Antiprotozoal Activities of Tiliroside and other Compounds from Sphaeralcea angustifolia (Cav.) G. Don

Fernando Calzada; Jose Correa Basurto; Elizabeth Barbosa; Claudia Velazquez

Antiprotozoal Activities of Tiliroside and other Compounds from Sphaeralcea angustifolia (Cav.) G. Don

Articles

Abstract

Pharmacognosy Research,2017,9,2,133-137.

DOI:10.4103/0974-8490.204644

Published:April 2017

Type:Original Article

Authors:

Author(s) affiliations:

Fernando Calzada¹, Jose Correa Basurto², Elizabeth Barbosa³, Claudia Velázquez⁴, Normand García Hernández⁵, RM Ordoñez Razo⁵, David Mendez Luna², Lilian Yepez Mulia⁶

¹Medical Research Unit in Pharmacology, UMAE Speciality Hospital-2° Floor CORCE National Medical Center Siglo XXI, IMSS, Av. Cuauhtemoc 330, Col. Doctores, CP 06725, México City, MEXICO.

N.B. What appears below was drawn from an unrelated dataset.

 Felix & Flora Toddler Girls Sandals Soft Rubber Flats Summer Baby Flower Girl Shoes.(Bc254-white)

²Laboratory of Molecular Modeling and Bioinformátics & Drug Design, Superior School of Medicine of IPN, Plan de San Luis y Díaz Mirón s/n, 11340 México City, MEXICO.

³Postgraduate Studies and Research, Superior School of Medicine of IPN, Plan de San Luís y Díaz Mirón, CP 11340, México City, MEXICO.

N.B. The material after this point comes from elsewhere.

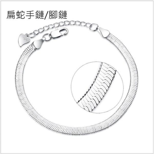 B242.扁蛇手鏈/腳鏈手鐲手環手鍊手飾 韓版銀飾 抗過敏防過敏首飾飾品配件 精緻質感送禮自用 情人節告白情侶閨蜜好友

⁴Institute of Health Sciences, Autonomous University of the State of Hidalgo, Km. 4.5 Carretera Pachuca-Tulancingo, Unidad Universitaria, C. P. 42076 Pachuca, Hidalgo, MEXICO.

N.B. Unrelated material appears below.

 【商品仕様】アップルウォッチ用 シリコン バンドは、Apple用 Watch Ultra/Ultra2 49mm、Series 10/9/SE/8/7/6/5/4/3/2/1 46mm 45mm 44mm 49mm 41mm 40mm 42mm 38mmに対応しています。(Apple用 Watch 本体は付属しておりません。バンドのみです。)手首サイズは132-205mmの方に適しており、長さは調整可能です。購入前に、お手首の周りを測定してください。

⁵Medical Research Unit in Human Genetics UMAE Pediatric Hospital, Medical Center Siglo XXI, IMSS, México

⁶Medical Research Unit in Infectious and Parasitic Diseases UMAE Pediatric Hospital, Medical Center Siglo XXI, IMSS, México

Abstract:

Background: Sphaeralcea angustifolia (Malvaceae) is extensively used in Mexican traditional medicine for the treatment of gastrointestinal disorders such as diarrhea and dysentery. Objective: The current study was to validate the traditional use of S. angustifolia for the treatment of diarrhea and dysentery on biological grounds using in vitro antiprotozoal activity and computational experiments. Materials and Methods: The ethanol extract, subsequent fractions, flavonoids, phenolic acids, and a sterol were evaluated on Entamoeba histolytica and Giardia lamblia trophozoites. Moreover, molecular docking studies on tiliroside were performed; it was tested for its affinity against pyruvate:ferredoxin oxidoreductase (PFOR) and fructose‑1,6‑bisphosphate aldolase (G/FBPA), two glycolytic enzymes of anaerobic protozoa. Results: Bioassay‑guided fractionation of extract of the aerial parts of S. angustifolia gives tiliroside and apigenin, caffeic acid, protocatechuic acid, and β‑sitosterol. The in vitro antiprotozoal assay showed that tiliroside was the most potent antiprotozoal compound on both protozoa with 50% inhibitory concentration values of 17.5 μg/mL for E. histolytica and 17.4 μg/mL for G. lamblia. Molecular docking studies using tiliroside showed its probable antiprotozoal mechanism with PFOR and G/FBPA. In both cases, tiliroside showed high affinity and inhibition constant theoretic for PFOR (lowest free binding energy from −9.92 kcal/mol and 53.57 μM, respectively) and G/FBPA (free binding energy from −7.17 kcal/mol and 55.5 μM, respectively), like to metronidazole, revealing its potential binding mode at molecular level. Conclusion: The results suggest that tiliroside seems to be a potential antiprotozoal compound responsible for antiamoebic and antigiardial activities of S. angustifolia. Its in vitro antiprotozoal activities are in good agreement with the traditional medicinal use of S. angustifolia in gastrointestinal disorders such as diarrhea and dysentery.